Our friend, ally and tenacious advocate Kyla got us an in-clinic appointment with Kaiser Oncology’s new (as of September) Palliative Care team. The doctor and nurse (the social worker was away) were compassionate, direct, and wonderfully useful in offering suggestions to help with Val’s pain, nausea, and difficulties breathing and eating. I wanted to punch Kaiser in the nose for thwarting our repeated efforts to connect with Palliative Care before, because it is clear to me that every oncology patient from the beginning of their treatment needs exactly this kind of sensible, informed, comfort-care support. We came home with new meds, encouragement to discard some of the old ones, suggestions about how better to do some things we already do, and the feeling that someone was willing to spend time and effort to care for Val’s whole being. Holy cow. Too bad we leave Kaiser in three days. However, they not only got us the phone number for OHSU Palliative Care (we had it already, but it’s the thought that counts) but promised that even after we leave Kaiser we could call them for help any time we needed! (I almost didn’t type that, for fear the Kaiser borg would find us out and come stomp us into bureaucratic compliance.)

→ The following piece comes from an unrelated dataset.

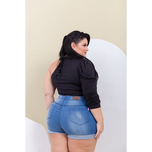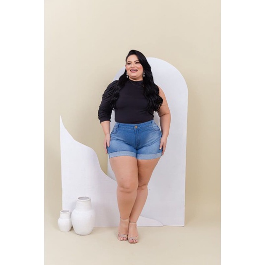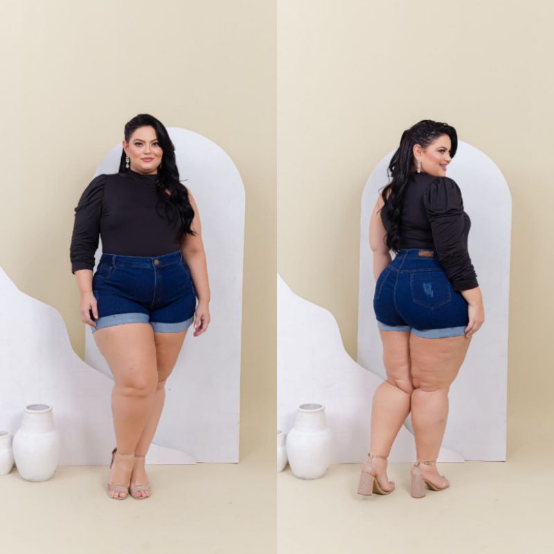 Short jeans Perna dobrada Plus Size tamanho grande 46-64

Also: Val continues to breathe a little easier every day this week. Last week she couldn’t walk up the stairs without having to sit and recover, winded and panting shallowly. Today she went for a walk around the neighborhood. Holy cow.
Love,
Deborah
A walk around the neighborhood. Holy cow indeed!
Oh that is such excellent news all-around. I’m so glad you’re getting some good care. Love love love.
love good news, keep it comin’
Sometimes when I’m frustrated with a situation, I wonder if I’m missing some key that would make the frustrating situation much easier to deal with. And then I get madder thinking about it. Much like your Kaiser Palliative Care. This is why I think that people who know how to work systems are the coolest people on earth. I hope OHSU will be better to you.